A seminar titled “Toward an Efficient and Sustainable Micro Insurance Market: The Regulatory Perspective” was presented at the conference room of InM on 12 April 2009, by Professor Syed Moinul Ahsan of the Department of Economics, Concordia University, Canada, also a Visiting Scholar, Institute of Microfinance (InM). The paper of the seminar was written by Professor Ahsan and Mr. Subhashish Barua, Project Economist, InM.
In the very onset of his presentation Professor Ahsan upheld the necessity of regulatory body in the microcredit and microinsurance sectors of Bangladesh. He observed that microcredit though did not face much difficulty to develop, but micro insurance is struggling to take the root. The apprehension of the poor about insurance owing to their lack of awareness and capital is the main reason attributed to it.
“Protecting the policy holders and fostering market innovations are the primary goals of a regulatory regime in the insurance context,” he observed, while referring regulation to a set of formal guidelines which are legally binding on regulatees and for which there is a functioning supervisory authority. Professor Ahsan in this context explained the ‘to be role’ of regulation in the sector.

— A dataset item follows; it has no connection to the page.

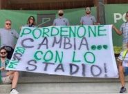 Striscione polemico nei confronti dei politici da parte di Pordenone2020 prima della partenza per l’amichevole di Tarvisio: “Pordenone cambia… con lo stadio”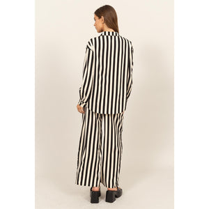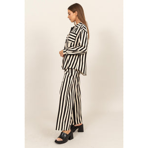 Make a bold fashion statement with this striped button-up set. The set includes a long-sleeve button-up shirt and matching wide-leg pants, both featuring striking vertical stripes that exude modern sophistication. The shirt comes with a classic collared neckline, buttoned cuffs, and front chest pockets, adding both functionality and style. The wide-leg pants offer a relaxed fit with a comfortable waistband, making them perfect for all-day wear. Whether you wear them together for a cohesive look or mix and match them with other pieces, this set is sure to elevate your wardrobe with its chic and elegant design.

He vividly depicted regulatory benchmarks. He categorized the regulation in two forms: formal and self-regulation, with his preference for the former. In terms of rigidity, he further categorized it in two other forms: prudential and non-prudential. He, however, told that insurance services may call for regulation and supervision, but not necessarily credit operations of the MFIs.
For effective regulation he upheld financial transparency, financial reporting standards, effective product design and reforms, cost-effectiveness and regulatory consensus; diversity of delivery channel, which call for “agnosticism in the organizational structure of micro insurance industry”; regulatory coordination; and sustainability and design of the subsidy regime.

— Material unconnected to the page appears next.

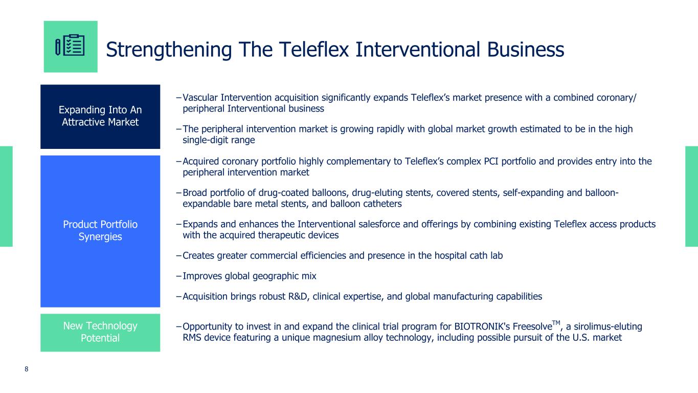 Acquiring a Broad Coronary and Peripheral Product Portfolio 7 Key Segments Representative Products Call Points Orsiro™ Mission DES PK Papyrus™ Covered Coronary Stent Pantera™ Lux™ Drug- Coated Balloon Pantera™ Pro Coronary Balloon Interventional Cardiology Freesolve™ Resorbable Magnesium Scaffold (RMS) Metallic Performance Fully Resorbable after 12 months1 CE Mark Dynetic™ -35 Balloon Expandable Cobalt Chronium Stent Pulsar™ -18 T3 Self- Expanding 4F Stent Passeo™ -18 Lux™ Peripheral Drug Coated Balloon (DCB) Passeo™ -35 Xeo Percutaneous Transluminal Angioplasty (PTA) Balloon Coronary Vascular Interventions Vascular Restoration Therapy Interventional Cardiology Interventional Radiology Vascular Surgeons Peripheral Vascular Interventions Interventional Cardiology Note: Freesolve™ RMS is available in CE-mark accepting countries; Freesolve RMS is limited by US law to investigational use only. DCB not available in US and Japan. 1. Seguchi M., BIOMAG-I. The study was sponsored by Biotronik. M. Seguchi has received honoraria from Biotronik.

Professor Ahsan provided a list of areas where micro insurance is active in the country to cover specific risks of the poor, the programs in most cases are implemented by the MFIs. In this context he mentioned the distinguishing features of between commercially driven insurance and pro-poor insurance operated by the MFIs.

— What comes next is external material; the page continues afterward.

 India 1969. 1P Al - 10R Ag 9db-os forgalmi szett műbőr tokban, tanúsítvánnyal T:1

While dwelling upon the regulatory framework in the country he said, “To date the regulation of the insurance industry in Bangladesh has largely been rudimentary. The new enactment replacing Insurance Act 1938 proved ineffective. The upcoming guidelines under consideration of the legislation, considers ‘insurance services of the MFIs as discretionary component.’
He proposed regulatory directives which include key goals of cost efficiency, financial viability and exclusivity. These include definition or workable interpretation of the concepts; simplicity of microinsurance products, criteria of the structure and products, eligibility for insurer, duration of coverage, life versus non-life products, institutional innovations, promoting exclusivity, guidelines to capital inadequacy, designing accumulation and investment of insurance fund, audit and supervision, and educating the regulator.
In the conclusion he, for a suitable regulatory framework, emphasized on the issue of balancing the rigor of formal regulation and supervision so that innovation is not inhibited, efficiency and sustainability of the market and consistency in regulatory guidelines are ensured.
In the open session the participants, which include the former president of Bangladesh Insurance Association, Md Rafiqul Islam, former Secretary and incumbent Janata Bank Chairman, Shohel Chowdhury, Mr. Mosharraf Hossain Khan, Deputy Managing Director of PKSF, Dr. Mohammad Abdul Latif, Director (Research & Knowledge Management), Md. Fazlul Kader, General Manager, PKSF, Dr. Mosleh Uddin Sadeque, Director (Training & Administration), InM raised various issues, such as actuary, the rate of premium, and the regulatory body. They all opined for formal regulation for the country’s microinsurance.
Professor Khalily, in his concluding remark stated that the MFIs, who were practicing microinsurance for the poor, would play an instrumental role in the development and consolidation of the sector. Any regulation for microinsurance has to be framed in consultation with them.